La propriétaire haussa un sourcil sincèrement surpris mais ne lui demanda pas plus d’explications, lui préparant les deux grandes tasses avec amusement. Lorsqu’elle les déposa entre elles, Elsa la remercia doucement en payant sa consommation. Elle n’avait aucune idée de ce qu’elle était en train de faire mais l’idée l’avait traversée d’un coup et… Et voilà qu’elle se retrouvait avec deux tasses, à marcher en direction de l’homme qui lui avait conseillé une tarte aux fraises. C’était son premier jour en ville et déjà elle mettait les pieds dans le plat et toute prudence à la poubelle ! Mais il avait eu l’air tellement seul qu’elle n’avait pas su pourquoi, son instinct l’avait poussée à agir. A ne pas rester dans son coin. A… A quoi, exactement ? Aucune idée.

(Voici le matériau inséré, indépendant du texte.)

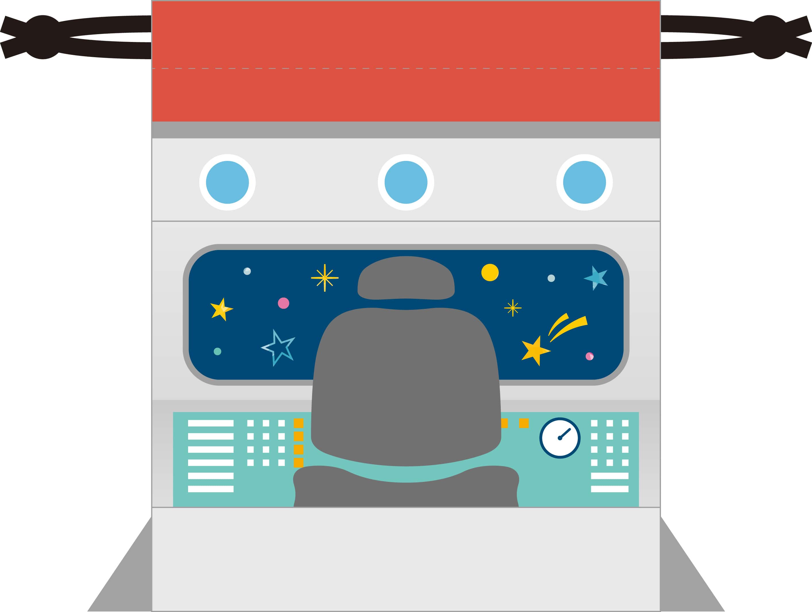 ロケットをモチーフにした巾着は透明な窓付きで、「みみぐるみ」を入れるとまるでキャラクターがロケットの中にいるように!

Mais lorsqu’elle s’approcha du concerné, après avoir tergiversé dans son esprit pour savoir comment l’aborder, elle eut la surprise de le voir se lever ! Mince ! Il se retourna et tomba nez à nez avec Elsa, tout aussi surpris qu’elle de leur soudaine proximité !
« … »
Elle resta interdite, figée sur place par le bleu profond de ses yeux. Avant de parvenir à articuler un maigre :
« Je me suis dis qu’un autre café vous ferait envie ? »
En désignant les boissons qu’elle tenait. Son courage était en train de prendre la poudre d'escampette et une petite voix dans sa tête lui criait qu'elle avait encore fait quelque chose de stupide... C’est qu’alors qu’elle remarqua que, lui aussi, tenait deux cafés dans ses paumes.